▶ EXERCISE GOAL:
Return the full set of entries below exactly, leaving every image out.

[Records from a data source]
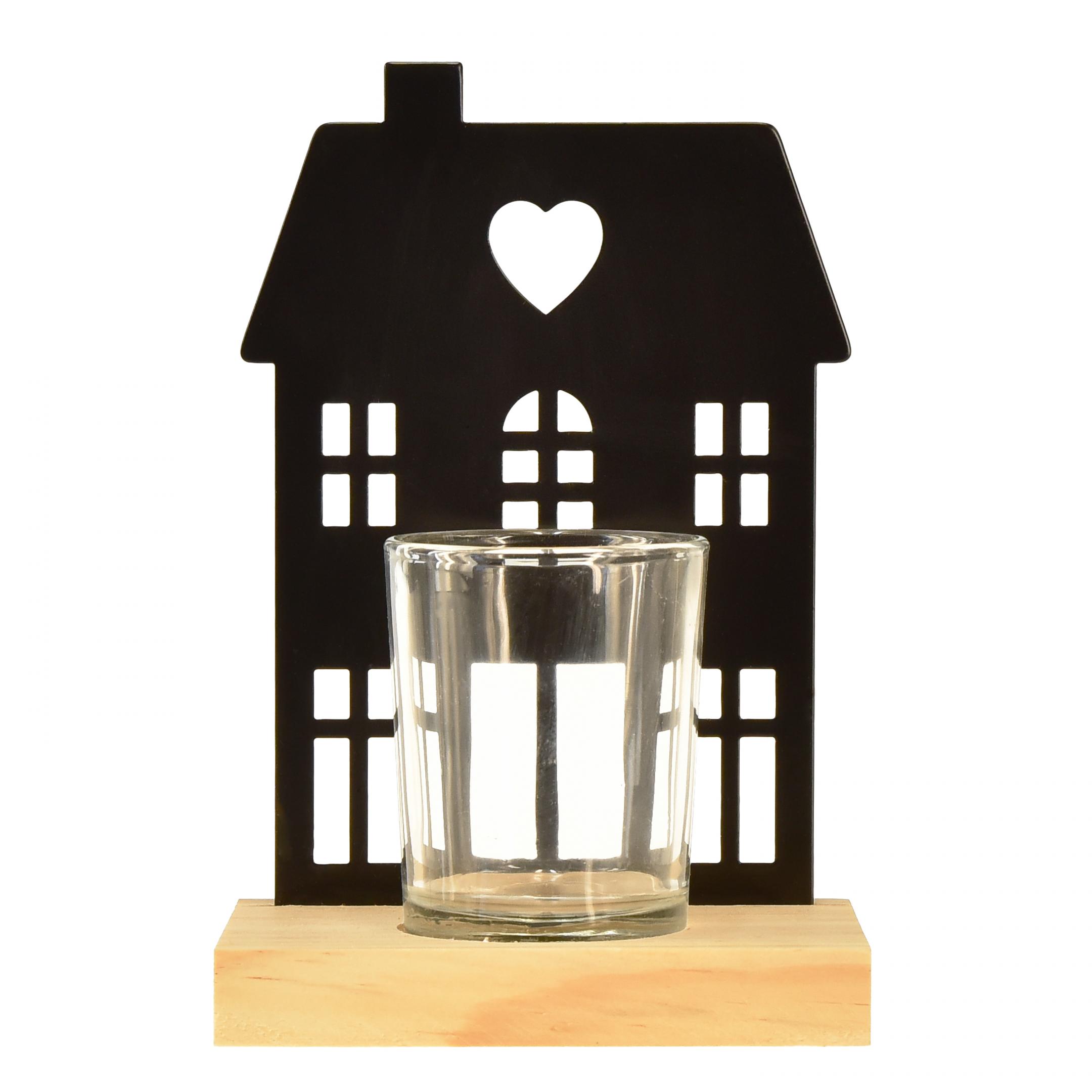 Windlicht Haus Metall Schwarz mit Holz Sockel H15cm 2St
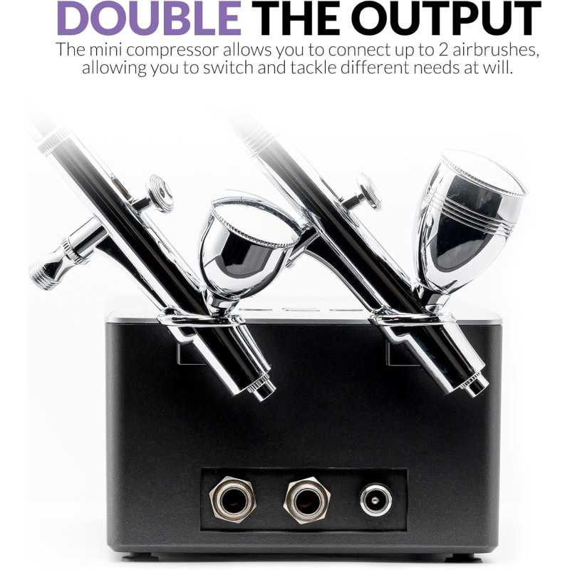 Díky elegantnímu a přenosnému designu je ideální pro začátečníky, kteří objevují svět airbrushingu, nebo pro zkušené airbrushery, kteří potřebují mít mobilní sestavu s konzistentním výkonem kdekoliv.
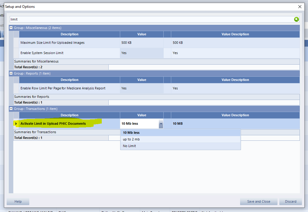 ACTIVATE LIMIT IN UPLOAD PHIC DOCUMENTS
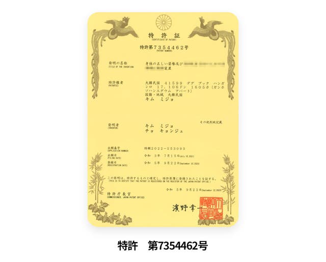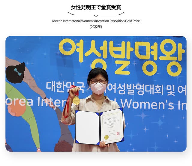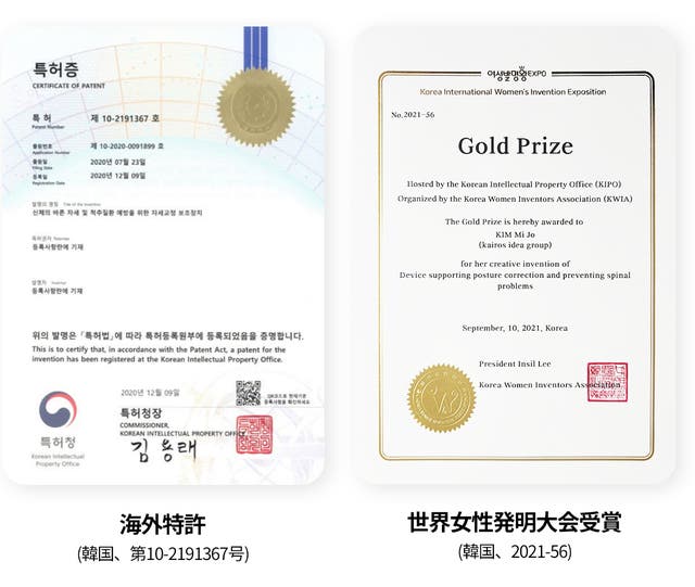 開発国の韓国でも特許を取得し、また世界女性発明大会で金賞を受賞しました。このような特許と受賞の秘訣はなんと言っても専用の張力バンド!
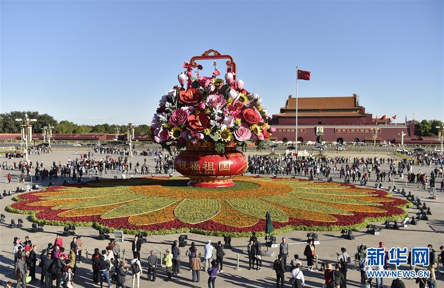 当日,“祝福祖国”巨型花篮在北京天安门广场全面亮相。据了解,从2011年开始,“祝福祖国”巨型花篮一直作为天安门广场中心花坛的主景在国庆节期间向祖国献礼。今年花篮内布置有红掌、梅花、康乃馨、向日葵、兰花、月季等多种仿真花卉,寓意幸福吉祥。 新华社记者 李贺 摄
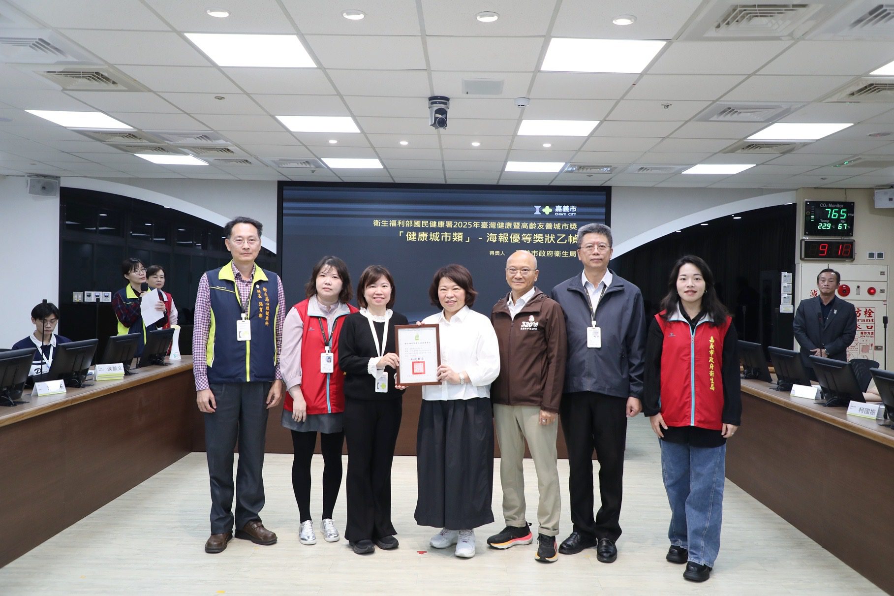 嘉義市政府昨(30)日於市務會議中轉呈5大獎項,包含衛生福利部國民健康署「114年臺灣健康城市暨高齡友善城市獎項評選」以及「114年國家永續發展獎」。市府分別榮獲健康城市類健康平等獎、健康城市類韌性與創新獎佳作、健康城市類海報獎優等以及高齡友善城市類海報獎銀獎;市府於「114年國家永續發展獎」選拔中,亦榮獲政府機關類國家永續發展獎。得獎單位衛生局、消防局、社會處將獎座、獎狀轉呈給市長黃敏惠,與市府團隊及市民共享榮耀。
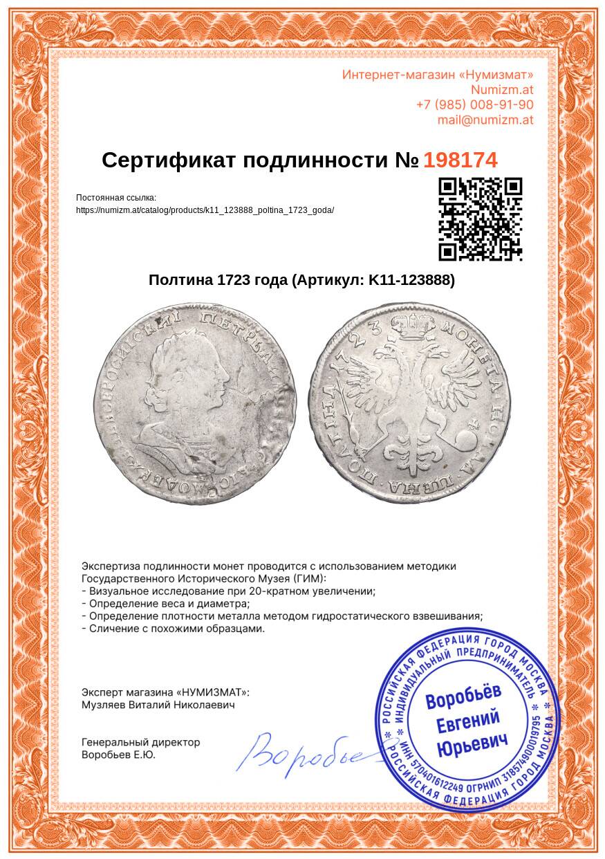 20.01.2025Интернет магазин «Нумизмат» предлагает приобрести Полтина 1723 года.
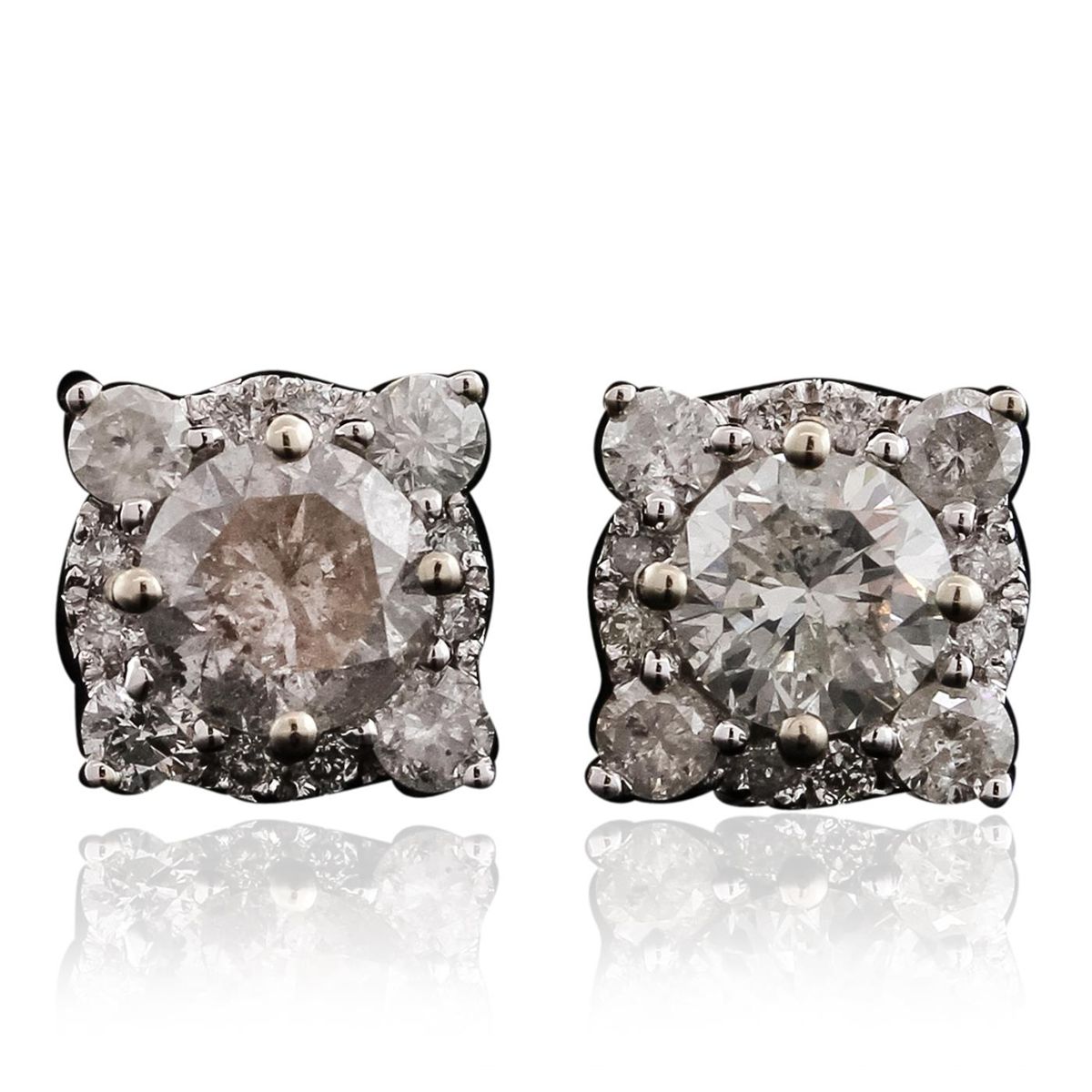 One pair electronically tested 14KT white gold ladies cast & assembled diamond cluster earrings with standard backs. Each earring features a round brilliant center set with four smaller diamonds, above a gallery of small round brilliants. Condition is new, good workmanship. Containing: Two prong set round brilliant cut diamonds, measuring 5.10 - 5.00 x 3.08mm (depth est.) approximate total weight of 2 Stones = 1.00ct. Graded in the setting. Clarity: I-2. Color: I - J Eight prong set round brilliant cut diamonds, measuring 2.20 - 2.10 x 1.31mm (depth est.) approximate total weight of 8 Stones = 0.30ct. Graded in the setting. Clarity: I-1 to I-2. Color: I - J Sixteen prong set round brilliant cut diamonds, measuring 1.00 - 1.00 x 0.60mm (depth est.) approximate total weight of 16 Stones = 0.06ct. Graded in the setting. Clarity: I-1 to I-2. Color: H - I. Total Weight of Diamonds 1.36ct. Total Weight of Earrings 2.38gm. AIG Appraised at $5,300.00.
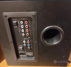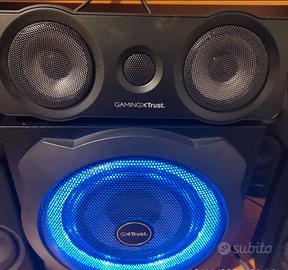 Kit 5.1 di altoparlanti della Trust mod. Gaming x trust 658 tytan con subwoofer illuminato a led blu e con potenza totale di 180watt. Colore nero. Con telecomando. Compatibile con PC, Xbox , PlayStation. Presente tutta la cavetteria.
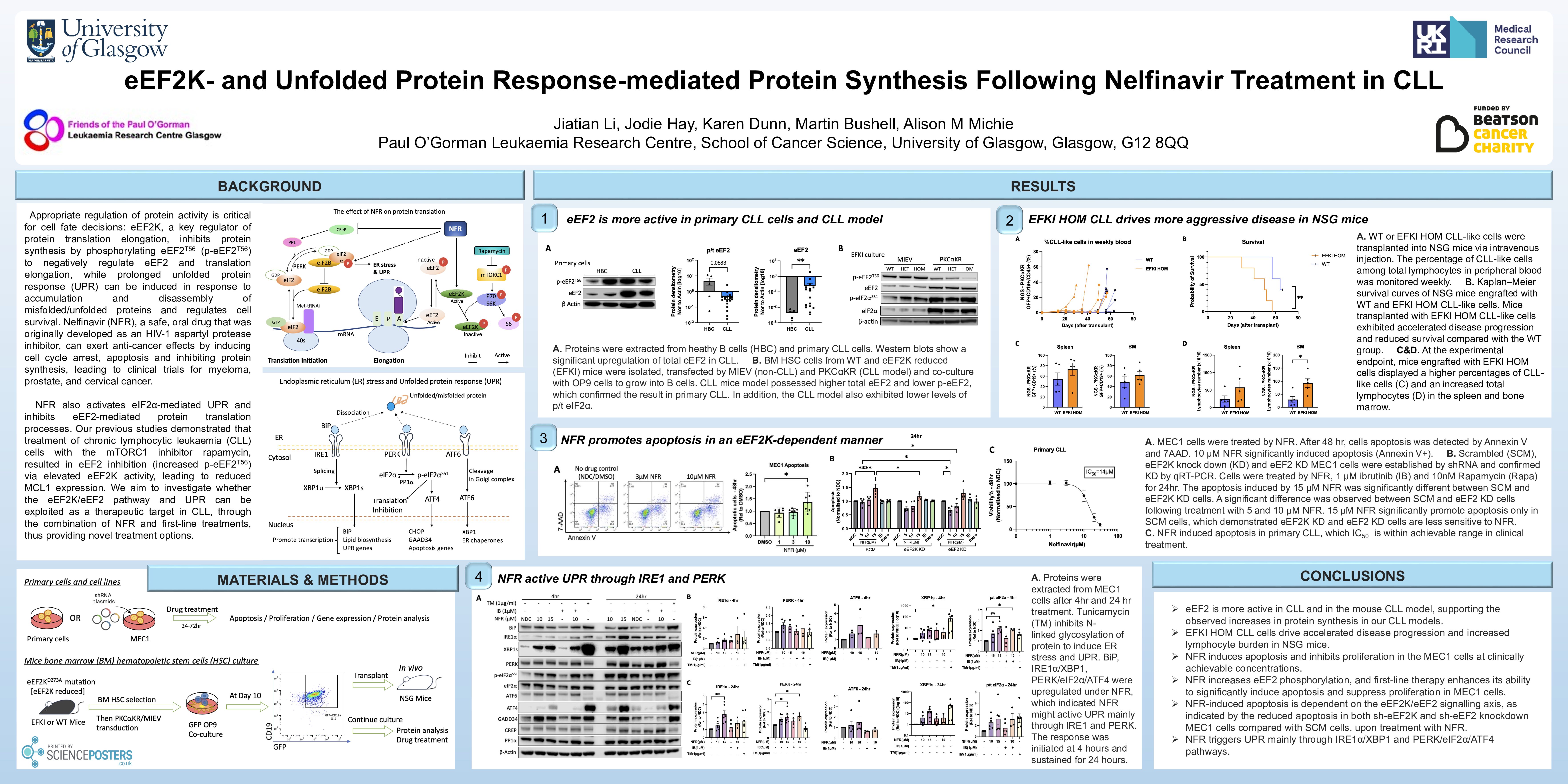 Appropriate regulation of protein synthesis is critical for cell fate decisions: eEF2K regulates cell survival through its phosphorylation of eEF2 T56 (p-eEF2 T56) to negatively regulate eEF2 and subsequently reduce translation elongation. Nelfinavir (NFR), a safe, oral drug that was originally developed as an HIV-1 aspartyl protease inhibitor, can exert anti-cancer effects by inducing cell cycle arrest, apoptosis and inhibiting protein synthesis. This has resulted in the inclusion of NFR in clinical trials for myeloma, prostate, and cervical cancer. NFR can also activate eEF2K, leading to an inhibition of eEF2-mediated protein translation. Our previous studies demonstrated that treatment of chronic lymphocytic leukaemia (CLL) cells with the mTORC1 inhibitor rapamycin, resulted in eEF2 inhibition (increased p-eEF2 T56) via elevated eEF2K activity, leading to reduced MCL1 expression. We aim to investigate whether the eEF2K/eEF2 pathway can be exploited as a therapeutic target in CLL, through the combination of NFR with first-line CLL treatments, thus providing novel treatment options.
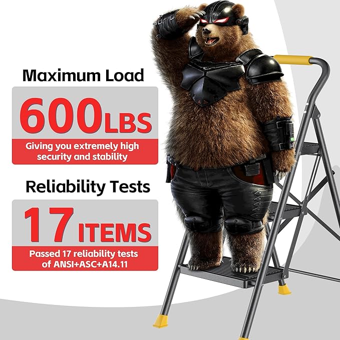 - Heavy-Duty Performance and Durability - 3 step stool ladder that's built to last, with the capacity to hold up to 600 pounds , is ideal for heavy-duty use. Crafted from thickened 9mm Alloy Steel, these ladders are resistant to wear, corrosion, rust, and temperature extremes, ensuring long-lasting performance and durability. They are perfect for ladders for home and step stools for adults, providing a reliable solution for all your height-related needs.

▶ COMPLETED TASK:
 Windlicht Haus Metall Schwarz mit Holz Sockel H15cm 2St
 Díky elegantnímu a přenosnému designu je ideální pro začátečníky, kteří objevují svět airbrushingu, nebo pro zkušené airbrushery, kteří potřebují mít mobilní sestavu s konzistentním výkonem kdekoliv.
 ACTIVATE LIMIT IN UPLOAD PHIC DOCUMENTS
 開発国の韓国でも特許を取得し、また世界女性発明大会で金賞を受賞しました。このような特許と受賞の秘訣はなんと言っても専用の張力バンド!
 当日,“祝福祖国”巨型花篮在北京天安门广场全面亮相。据了解,从2011年开始,“祝福祖国”巨型花篮一直作为天安门广场中心花坛的主景在国庆节期间向祖国献礼。今年花篮内布置有红掌、梅花、康乃馨、向日葵、兰花、月季等多种仿真花卉,寓意幸福吉祥。 新华社记者 李贺 摄
 嘉義市政府昨(30)日於市務會議中轉呈5大獎項,包含衛生福利部國民健康署「114年臺灣健康城市暨高齡友善城市獎項評選」以及「114年國家永續發展獎」。市府分別榮獲健康城市類健康平等獎、健康城市類韌性與創新獎佳作、健康城市類海報獎優等以及高齡友善城市類海報獎銀獎;市府於「114年國家永續發展獎」選拔中,亦榮獲政府機關類國家永續發展獎。得獎單位衛生局、消防局、社會處將獎座、獎狀轉呈給市長黃敏惠,與市府團隊及市民共享榮耀。
 20.01.2025Интернет магазин «Нумизмат» предлагает приобрести Полтина 1723 года.
 One pair electronically tested 14KT white gold ladies cast & assembled diamond cluster earrings with standard backs. Each earring features a round brilliant center set with four smaller diamonds, above a gallery of small round brilliants. Condition is new, good workmanship. Containing: Two prong set round brilliant cut diamonds, measuring 5.10 - 5.00 x 3.08mm (depth est.) approximate total weight of 2 Stones = 1.00ct. Graded in the setting. Clarity: I-2. Color: I - J Eight prong set round brilliant cut diamonds, measuring 2.20 - 2.10 x 1.31mm (depth est.) approximate total weight of 8 Stones = 0.30ct. Graded in the setting. Clarity: I-1 to I-2. Color: I - J Sixteen prong set round brilliant cut diamonds, measuring 1.00 - 1.00 x 0.60mm (depth est.) approximate total weight of 16 Stones = 0.06ct. Graded in the setting. Clarity: I-1 to I-2. Color: H - I. Total Weight of Diamonds 1.36ct. Total Weight of Earrings 2.38gm. AIG Appraised at $5,300.00.
 Kit 5.1 di altoparlanti della Trust mod. Gaming x trust 658 tytan con subwoofer illuminato a led blu e con potenza totale di 180watt. Colore nero. Con telecomando. Compatibile con PC, Xbox , PlayStation. Presente tutta la cavetteria.
 Appropriate regulation of protein synthesis is critical for cell fate decisions: eEF2K regulates cell survival through its phosphorylation of eEF2 T56 (p-eEF2 T56) to negatively regulate eEF2 and subsequently reduce translation elongation. Nelfinavir (NFR), a safe, oral drug that was originally developed as an HIV-1 aspartyl protease inhibitor, can exert anti-cancer effects by inducing cell cycle arrest, apoptosis and inhibiting protein synthesis. This has resulted in the inclusion of NFR in clinical trials for myeloma, prostate, and cervical cancer. NFR can also activate eEF2K, leading to an inhibition of eEF2-mediated protein translation. Our previous studies demonstrated that treatment of chronic lymphocytic leukaemia (CLL) cells with the mTORC1 inhibitor rapamycin, resulted in eEF2 inhibition (increased p-eEF2 T56) via elevated eEF2K activity, leading to reduced MCL1 expression. We aim to investigate whether the eEF2K/eEF2 pathway can be exploited as a therapeutic target in CLL, through the combination of NFR with first-line CLL treatments, thus providing novel treatment options.
 - Heavy-Duty Performance and Durability - 3 step stool ladder that's built to last, with the capacity to hold up to 600 pounds , is ideal for heavy-duty use. Crafted from thickened 9mm Alloy Steel, these ladders are resistant to wear, corrosion, rust, and temperature extremes, ensuring long-lasting performance and durability. They are perfect for ladders for home and step stools for adults, providing a reliable solution for all your height-related needs.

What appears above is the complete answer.